# PM's



## Bob at Draco (Feb 18, 2013)

How do I see my PM's? I have tried every search wording I can think of and no luck.


----------



## Thistle (Jan 4, 2013)

Assuming you have received email notifying you that you have messages.

Go all the way to the top. You'll see your "*User's Name*" (Bob at Draco).
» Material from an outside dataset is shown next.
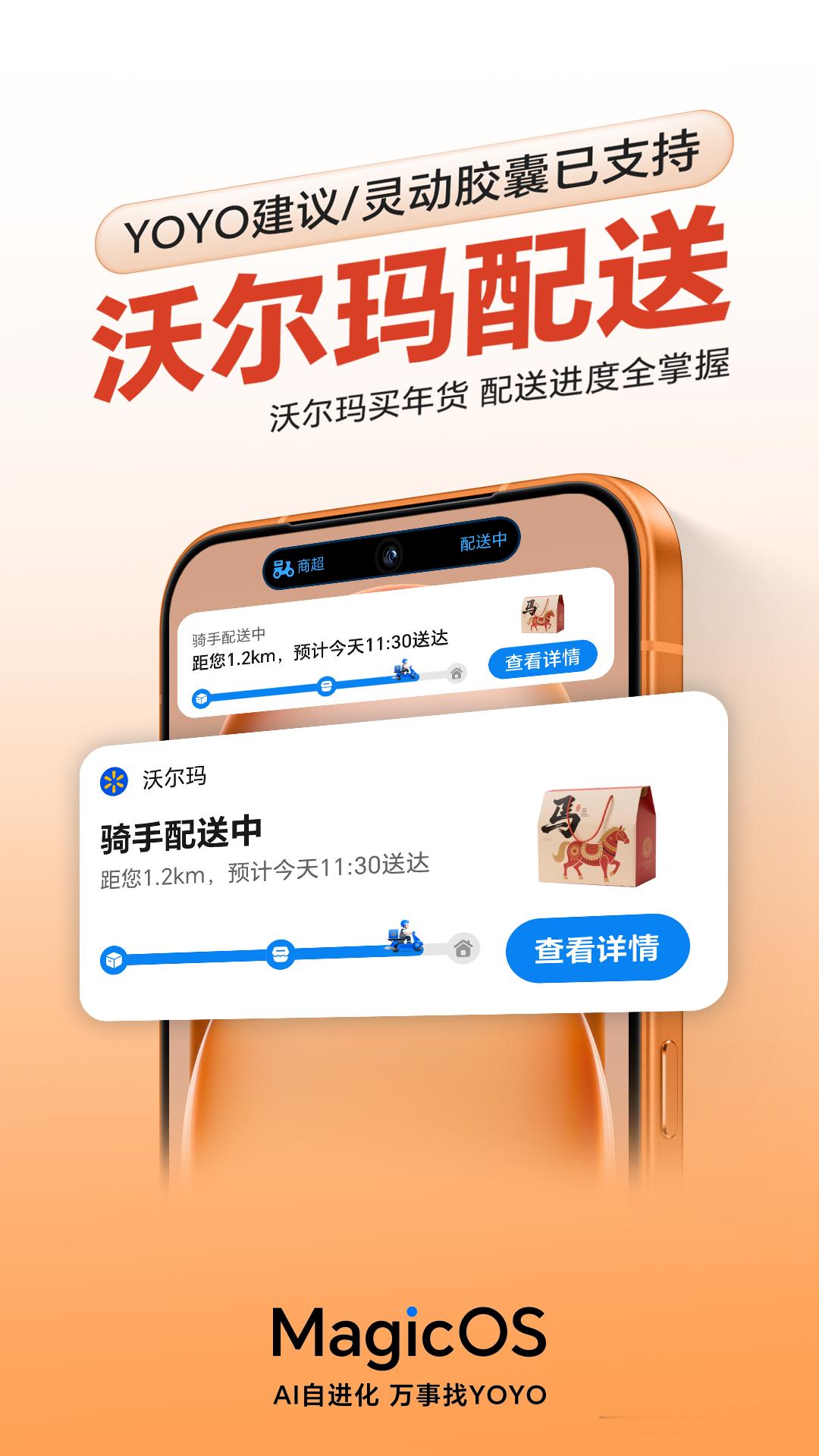 MagicOS月月新万事找YOYO 年货采购不用愁!在沃尔玛APP购物,YOYO建议和灵动胶囊这对超强组合闪亮登场,秒变你的专属配送小雷达!当你下极速达/准时达订单,卡片上清晰展示商品打包中、待骑手取货、配送中、配送完成等状态,配送进度一目了然。轻松置办年货,把满满的心意快速带回家,开启欢乐年货时光~

Click on that little triangle for a drop-down menu. You'll see "*Personal Messenger*", so click on that. You are there.


----------



## NightKnight (Dec 16, 2009)

Thistle is right, and you can also click the little envelope to the left of your username.


----------



## Henry the Hermit (Jun 2, 2010)

There are 4 icons to the left of your user name at the top of the page. If you have a dark color scheme, you may not be able to see them. Move your cursor slowly to the left of your user name and they should become visible as your cursor moves over them. Click the 4th one (looks like a paintbrush) and set your color scheme to a lighter color. You can then see the icons. Click the one that looks like an envelop to access PM.


----------



## Bob at Draco (Feb 18, 2013)

Thanks guys, I really appreciate it. I had a PM from a guy in England that I was sending a SS to that had sent me a PM with his address. I just knew he was think I was crawfishing ont he deal.


----------